Das nun geförderte Krebszentrum in Äthiopien ist eines von zwei Projekten, das die Else Kröner-Fresenius-Stiftung aus 78 Bewerbungen ausgewählt hat und dem diese hohe Förderung zuteil wird. „Gebärmutterhalskrebs und Brustkrebs sind die häufigsten Krebserkrankungen in Äthiopien. Es geht auch darum, dort überhaupt erst einmal eine Forschung zu Brustkrebs aufzubauen. Die gibt es dort kaum. Jedes Jahr erkranken dort etwa 13.000 Menschen. Und anders als in Deutschland mit seiner guten Versorgung sterben in Äthiopien rund zwei Drittel der Erkrankten daran“, macht Dr. Kantelhardt deutlich. Insbesondere die Früherkennung, die ein wesentlicher Faktor für die Heilbarkeit der Erkrankungen darstelle, müsse verbessert werden.

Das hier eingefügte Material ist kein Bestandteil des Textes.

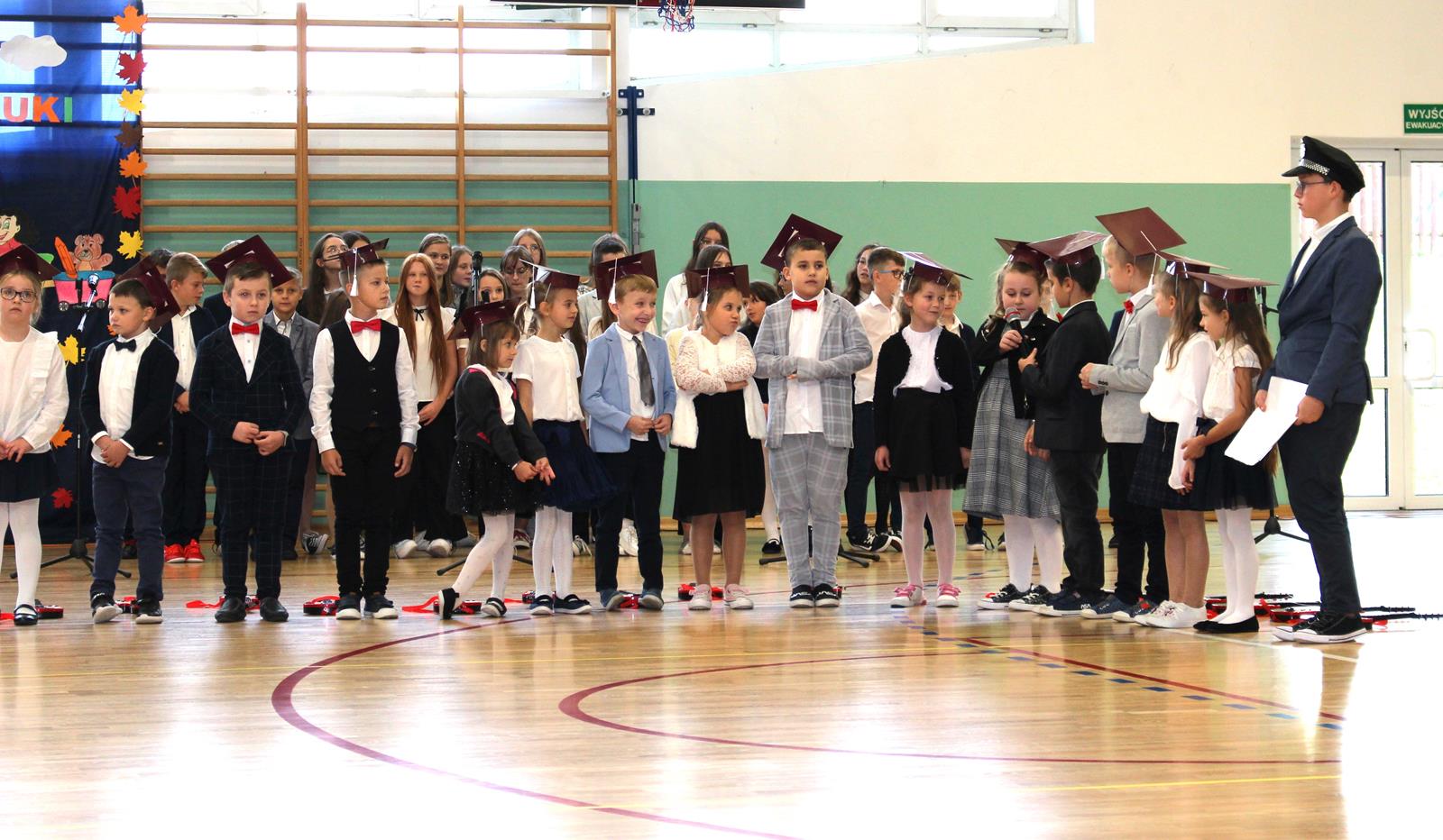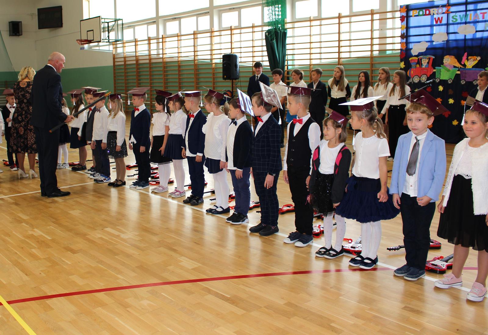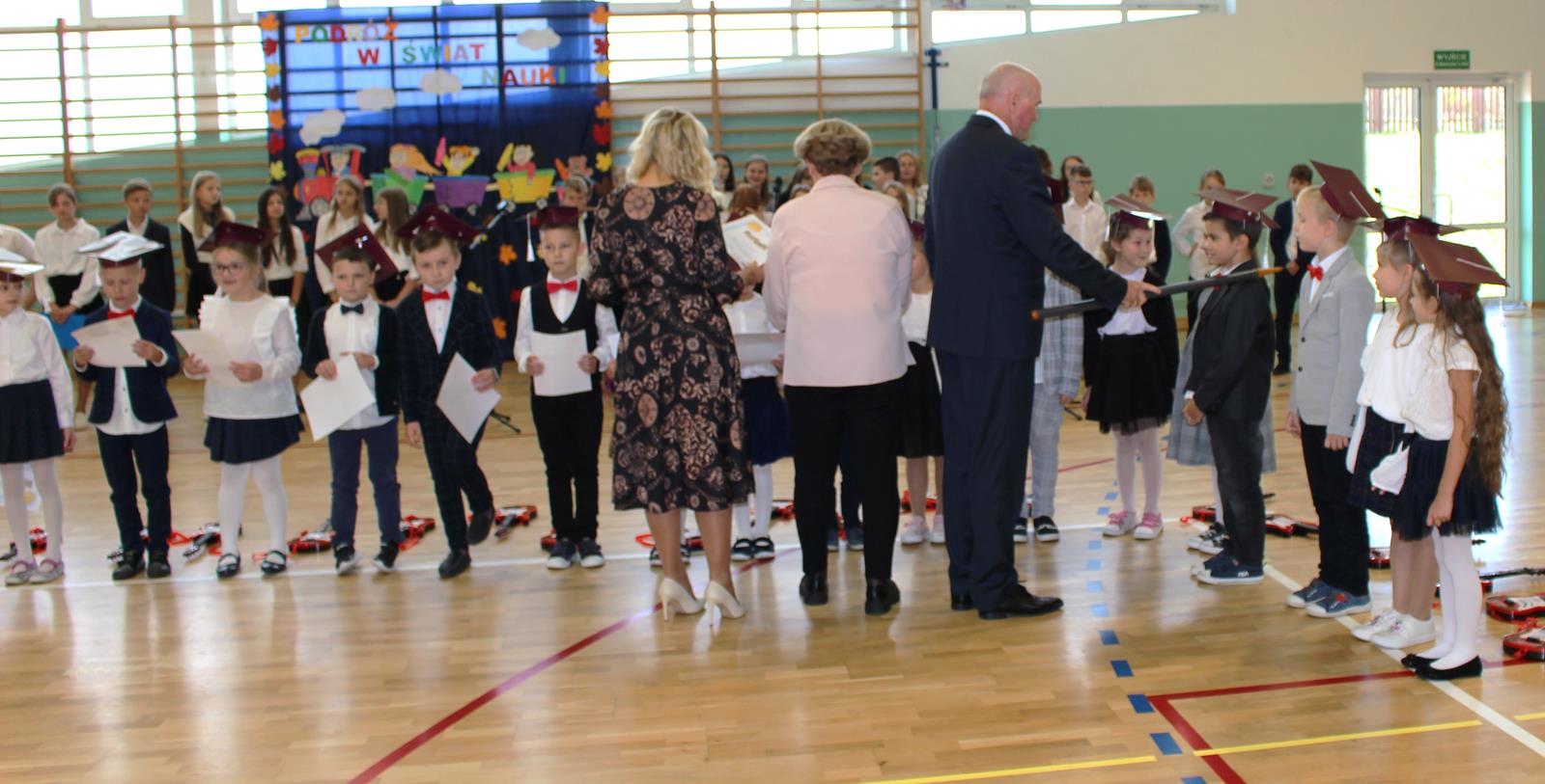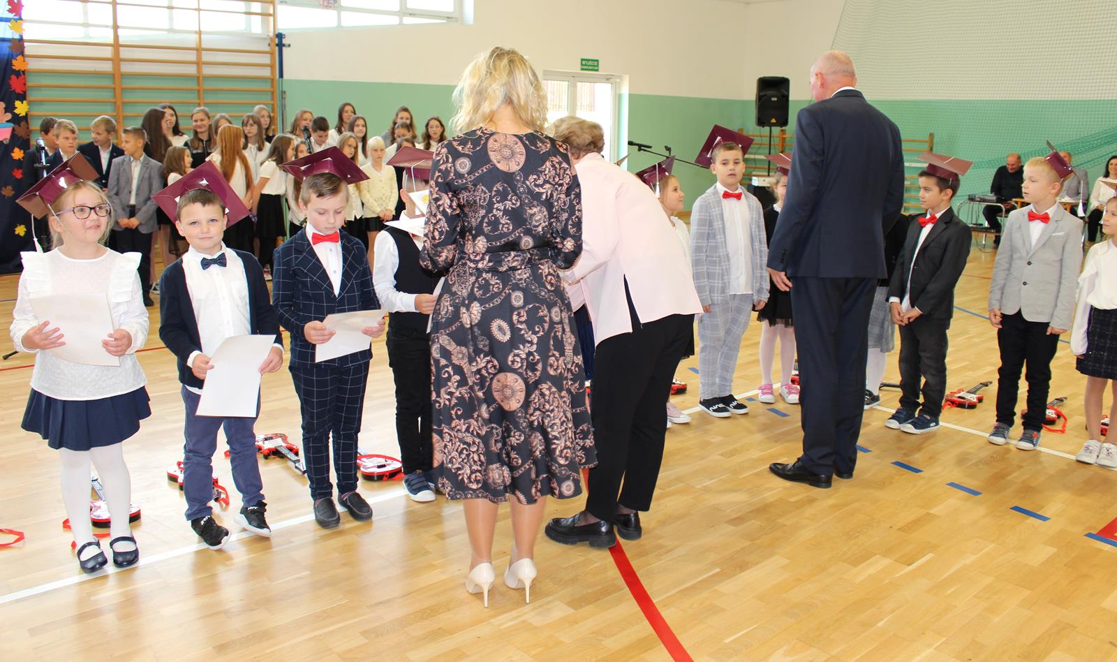 Tego dnia święto obchodzili również uczniowie klasy 1 SP. Rozpoczynając podróż w świat nauki zostali pasowani na ucznia szkoły podstawowej. W ten sposób pierwszoklasiści zostali oficjalnie włączeni do grona uczniów Szkoły Podstawowej w Goszczynie. Pierwszaki głośno i z przekonaniem przyrzekały być dobrymi i pilnymi uczniami oraz rzetelnie wypełniać swoje obowiązki, o czym przypominać im będą otrzymane pamiątkowe dyplomy.
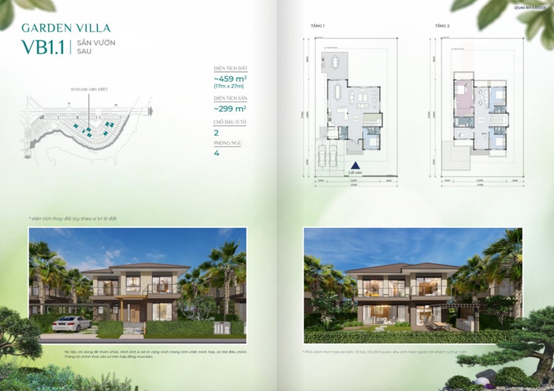 Thiết kế mẫu villa vườn tiêu chuẩn của dự án Izumi Riverside
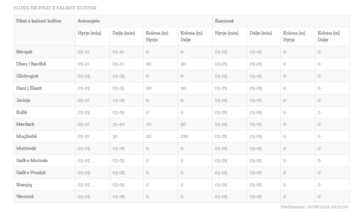 Vetëm dy pika kufitare janë të më të ngarkuara, ajo në Merdarë, ku pritjet në dalje vijojnë të jenë deri në 40 minuta, dhe në Muçibabë deri në gjysmë ore./Arbresh.info/
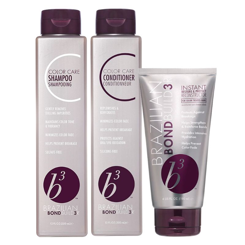 Набор Brazilian Blowout B3 Color Care предназначен для комплексного ухода за окрашенными, осветленными или мелированными волосами, обеспечивая деликатное очищение, глубокое увлажнение, восстановление структуры и фиксацию пигмента без вымывания цвета; шампунь мягко очищает и укрепляет, кондиционер питает и защищает, маска-реконструктор усиливает регенерацию и предотвращает ломкость, подходит для всех типов окрашенных волос, включая сухие и ослабленные после химических процедур, продлевает стойкость оттенка и минимизирует повреждения без сульфатов, силиконов и парабенов.
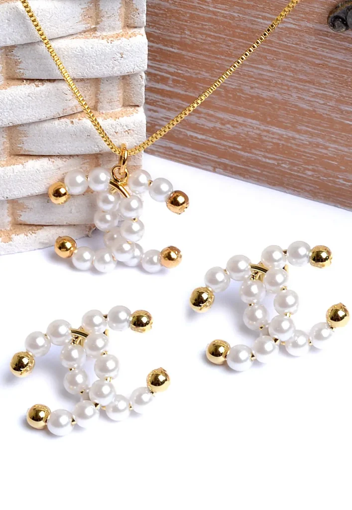 Conjunto Brinco e Colar Pérolas Channel Banhado A Ouro18k
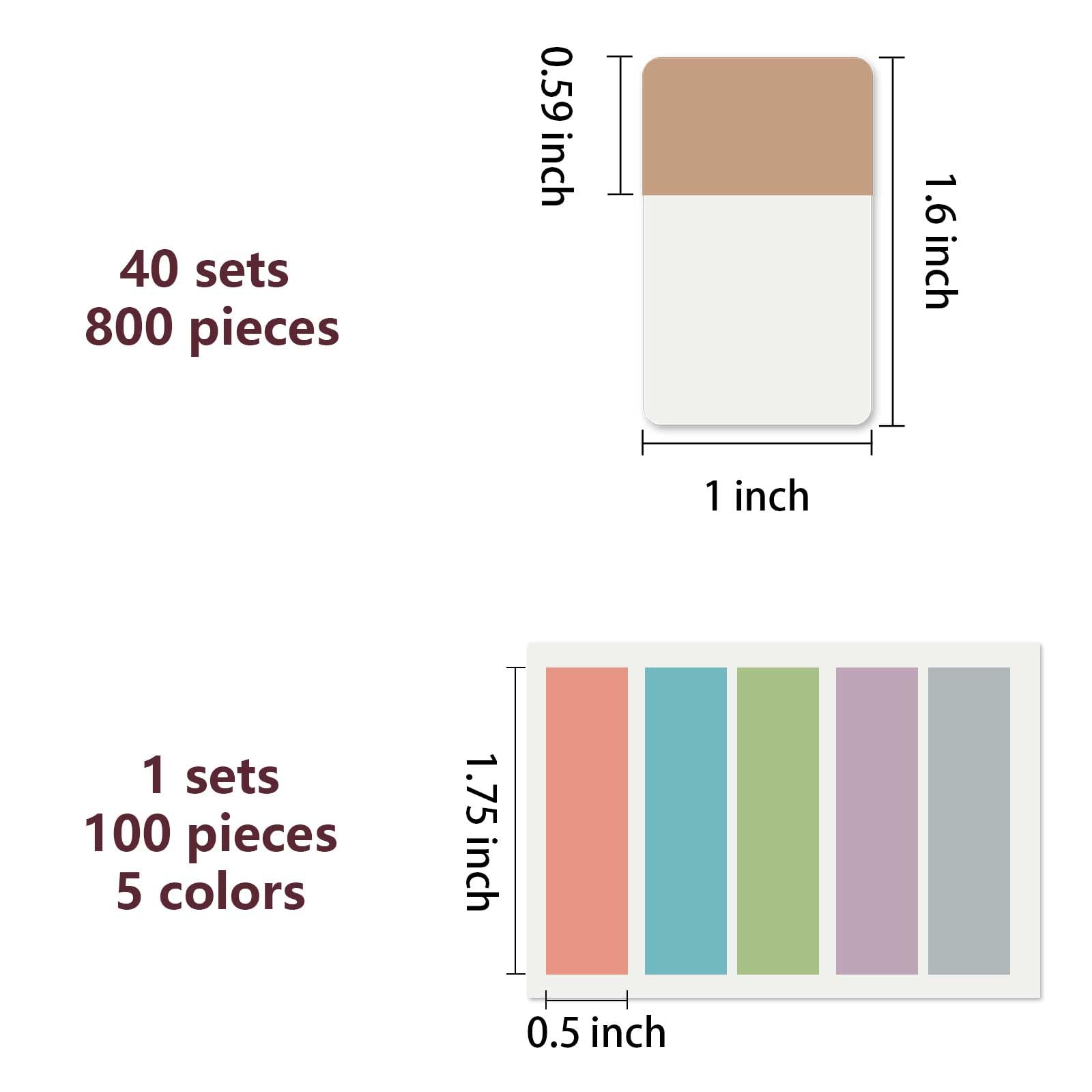 900 Pieces Tabs: totally 900 pieces 41 sets in total,800 pieces 1 inch adhesive index tabs in 40 sets with 10 different pastle colors,100 pieces 0.5 inch tabs in 1 sets, 20 pieces each color and color as picture displayed
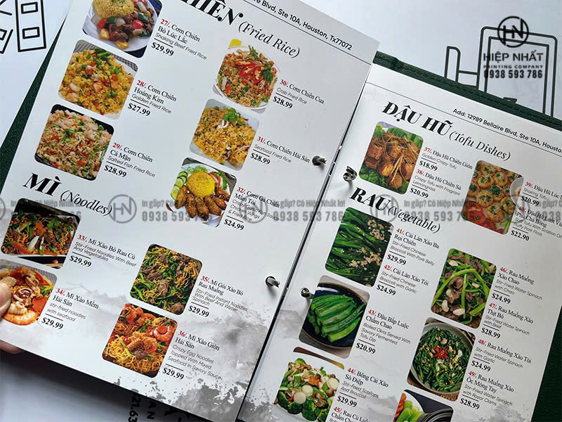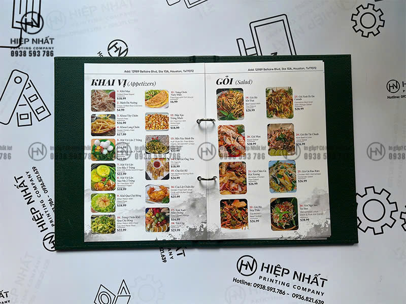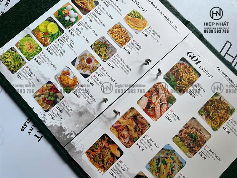 In Hiệp Nhất chuyên in ấn các loại menu theo yêu cầu cho quán ăn và nhà hàng, từ menu bìa cứng, menu da cao cấp đến các mẫu menu đóng gáy ốc, gáy còng với hình thức chỉn chu và độ bền cao.
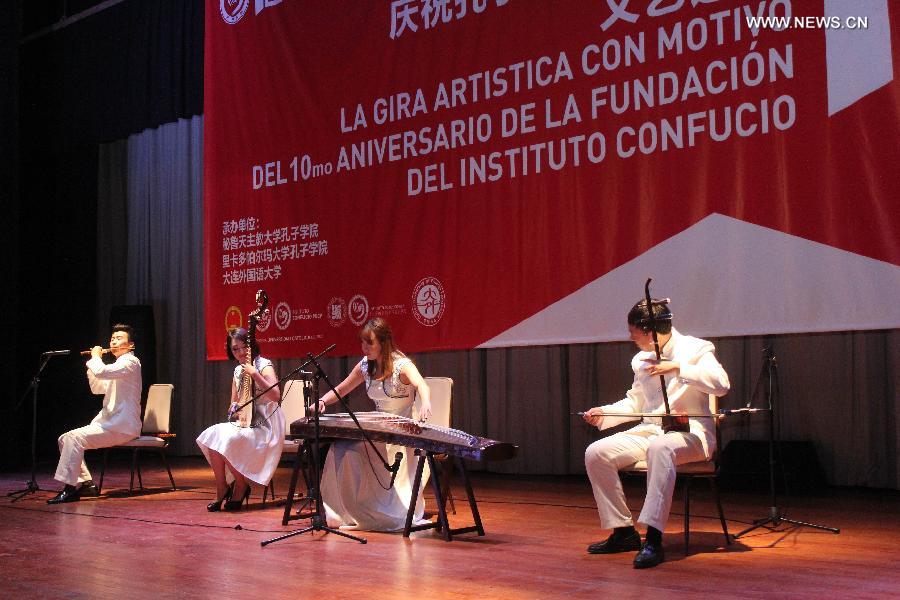 Musicians of the Student Art Association at the Dalian Foreign Language University, participate in a presentation for the 10th anniversary of the foundation of the Confucius Institutes worldwide, in San Isidro district, of Lima department, Peru, on Oct. 16, 2014. The Chinese Embassy and the Confucius Institute of the "Pontificia Universidad Catolica del Peru", organized the "Presentation of Folkloric Dance and Traditional Music of China" played by the Student Art Association at the Dalian Foreign Language University of China, in the framework of the 10th anniversary of the project of Confucius Institutes worldwide. (Xinhua/Luis Camacho)
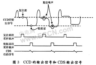 從圖3可以看出,當復位部脈沖是高電平的時候。CCD的輸出信號進行第1次采樣,采樣信號為復位電壓、復位失調(diào)電壓和復位噪聲;當數(shù)據(jù)部脈沖是高電平時,CCD的輸出信號進行第2次采樣,采樣信號除包括復位電壓、復位失調(diào)電壓和復位噪聲外,還包括有用的視頻信號。
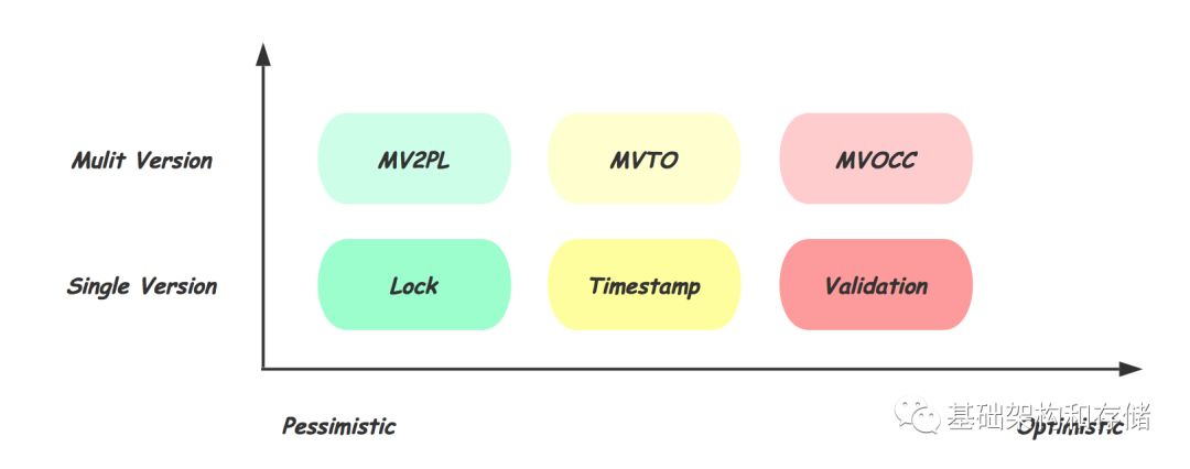 不同的实现机制,基于不同的对发生冲突概率的假设,悲观方式认为只要两个事务访问相同的数据库对象,就一定会发生冲突,因而应该尽早阻止;而乐观的方式认为,冲突发生的概率不大,因此会延后处理冲突的时机。如上图横坐标所示,乐观程度从左向右增高:
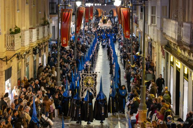 La Procesión de las Santas Mujeres partió desde el Rectorado de la Universidad Politécnica de Cartagena, sumándose al recorrido principal. Su incorporación puso de relieve la tradición y devoción femenina dentro de la Semana Santa.
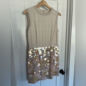 French Connection: Champagne Sequin Mini Dress: Size US 8
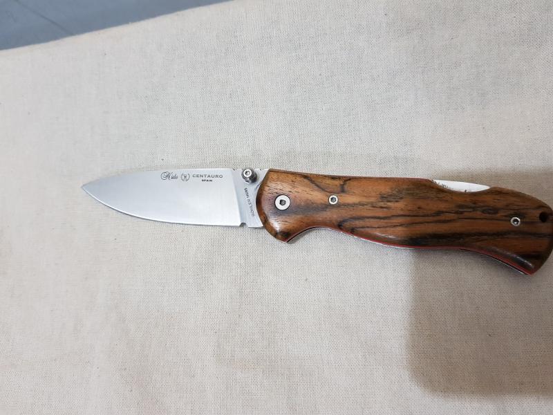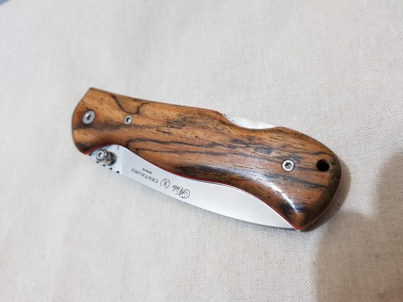Pongo a la venta esta navaja Nieto Centauro sin usar, mago de bocote pulido, diseñada por Manuel de la torre, hoja de acero Böhler N-695, con tetón de apertura ambidiesta, sujeción con tornillos allen,separadores de fibra rojos, muelles y forros pulidos a espejo, muelle trabajado, sistema de cierre de bloqueo, tamaño de hoja 7,8 cm, tamaño total 18,5 cm
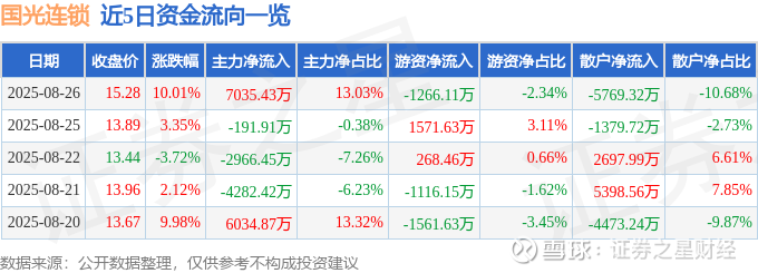 证券之星消息,国光连锁8月26日涨停收盘,收盘价15.28元。该股于14点42分涨停,未打开涨停,截止收盘封单资金为7587.13万元,占其流通市值0.99%。
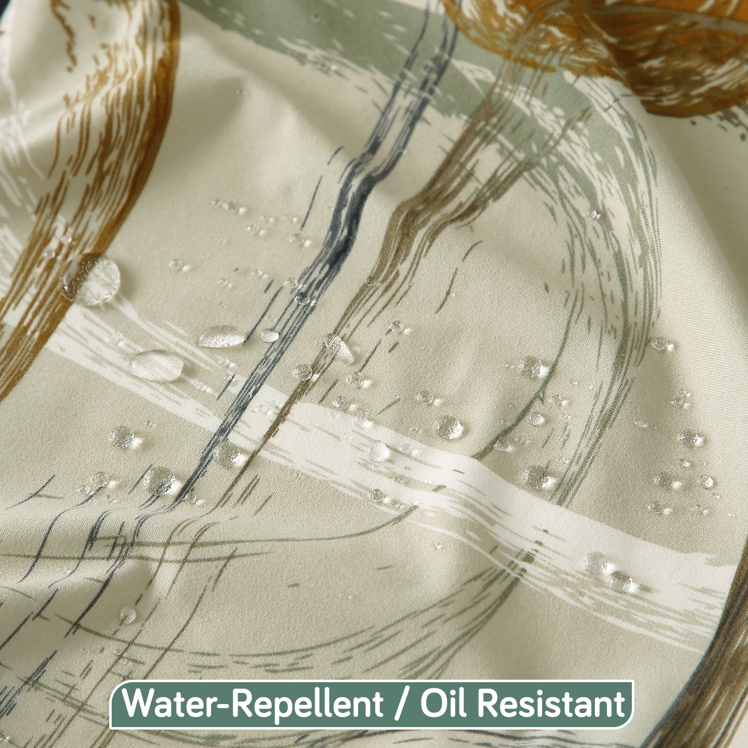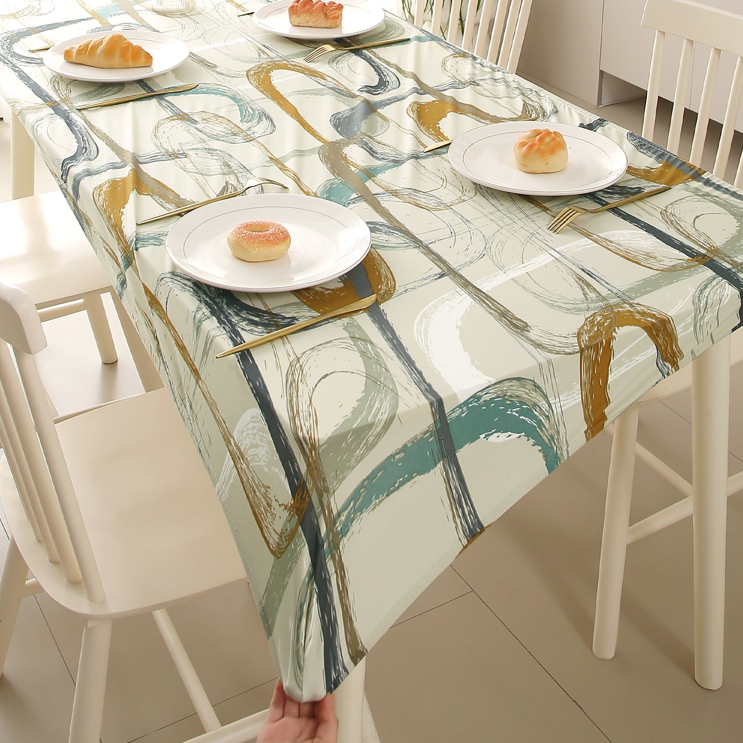 Printed Stretch Fit Water-Repellent & Anti-Slip Table Cloth Cover for 4 Seater / 6 Seater, Parchement Beige Abstract Art

Die Förderung der EKFS dient deshalb vor allem dazu, eine frühere Diagnostik und folglich auch eine frühere Therapie zu etablieren. „Das alles geschieht in enger Abstimmung mit den Kolleginnen und Kollegen in Addis Abeba“, sagt Kantelhardt. Dazu gehöre die Anschaffung von Geräten, aber auch die Optimierung von Abläufen. Die neue Krebsklinik wird außerdem als Aus- und Weiterbildungsstandort für die Mitarbeiter der neuen regionalen Onkologie-Zentren dienen. Geplant ist eine enge Zusammenarbeit mit acht ländlichen regionalen Krankenhäusern und ihren Gesundheitszentren, um das geplante landesweite Gebärmutterhalskrebs-Screening zu optimieren. Darüber hinaus soll ein System auf Gemeindeebene entwickelt werden, um die Krebspatienten durch bestehende lokale Strukturen langfristig auch psychosozial zu unterstützen.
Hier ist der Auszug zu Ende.